A África já fazia design há tempos, simplesmente não era chamado assim. Como afirmou o artista beninese Romuald Hazoumè “o design existe em muitas formas, sendo interpretado e valorizado de forma diferente por muitas culturas”. Reverenciadas em reinos antigos, onde mestres do artesanato recebiam status especial, as artes visuais eram parte integrante das sociedades africanas, abarcando, por exemplo, têxteis, cerâmicas e esculturas. No pré-colonialismo, mestres do artesanato deviam criar artefatos funcionais e esteticamente harmoniosos. Os artefatos tinham significados específicos, sendo produzidos para atender necessidades pessoais, domésticas e/ou cerimoniais, em oposição à geração de renda – como observado pela historiadora da arte libanesa Susan Vogel. O valor comercial das artes visuais na África possivelmente se iniciou com o florescimento do comércio internacional, quando produtos passaram a ser adaptados especificamente para mercados externos. O comércio, e mais tarde o colonialismo, teve um efeito profundo na forma como as artes visuais da África passou a ser vista, em um primeiro momento, a partir do contato com comerciantes portugueses no final do século 15, depois com árabes nos séculos 18 e 19 e europeus em meados do século 19 (MATSINDE, 2015).
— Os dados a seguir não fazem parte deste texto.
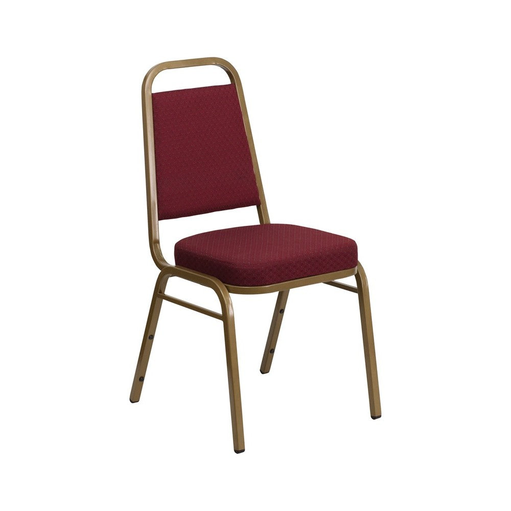 Trapezoidal Back Stacking Banquet Chair in Burgundy Patterned Fabric - Gold Frame

Por mais que possa parecer que a antiga arte visual da África tenha sido bem documentada e sujeita a muitas pesquisas, esse não é o caso, uma vez que foi realizada a partir de uma perspectiva eurocêntrica, incorporando, por vezes, uma abordagem evolucionista e limitada aos gostos pessoais, produzindo uma narrativa desrespeitosa e desacertada no que tange às culturas africanas. Embora o surgimento de uma “indústria de design” possa ser recente, aspectos do design no continente africano não devem ser vistos como algo novo. O que era criado deveria ser bem pensado e refinado até se adequar ao propósito pretendido. O crescente interesse e coleção de arte visual da África coincidiu com grandes mudanças na Europa, onde industriais passaram a advogar a favor de artigos feitos à máquina em vez daqueles feitos à mão. Este fenômeno, como observaram o arqueólogo britânico John Picton e a historiadora da arte estadunidense Janet B. Hess, ditaria, por sua vez, a classificação de máscaras e esculturas como “belas artes” e de cerâmicas e têxteis como artesanato, um gênero que passará, cada vez mais, a ser considerado inferior ao chamado “design” (como já discutido aqui no perfil – ver o post “repensando o conceito de design” – entender o design como restrito aos objetos industrializados pode ser um modo de reiterar desigualdades sociais) (MATSINDE, 2015).
Em contrapartida, a perspectiva africana tem uma estima muito elevada com relação ao chamado artesanato, questionando o olhar eurocêntrico sobre sua produção e atribuindo à arte visual da África um significado muito maior com relação aos parâmetros da arte e design globais. Ademais, a documentação colonial, não raras vezes, atribuiu trabalhos a um povo ou região e não a um indivíduo, homogeneizando ainda mais aquilo que era diverso. Entretanto, a documentação pós-colonial começou a distinguir designers, artistas e artesãos individualmente, resultando em maior reconhecimento e status social (MATSINDE, 2015).
Como designers, produtores de cultura material e profissionais com responsabilidade social precisamos ler/ouvir/conhecer outras narrativas sobre o design na África, sobretudo, aquelas tecidas pelos próprios designers africanos, há tempos apagados dos livros de História do Design. Para isso, indico o perfil @africandesignmatters do @simoncharwey que encontrei durante algumas pesquisas a partir da hashtag “africandesign”, justamente pelo sentimento de insatisfação com relação ao pouco conhecimento acerca do design africano. O livro “Contemporary Design Africa”, da designer Tapiwa Matsinde, nos apresenta uma seleção de designs (cestarias, cerâmicas, mobiliários, luminárias e têxteis) de alta-qualidade, complexidade e diversidade, tensionando visões estereotipadas sobre a cultura material africana. Alguns desses designs podem ser conferidos no @atelier55design.
Referências
MATSINDE, Tapiwa. Contemporary Design Africa. London: Thames & Hudson, 2015.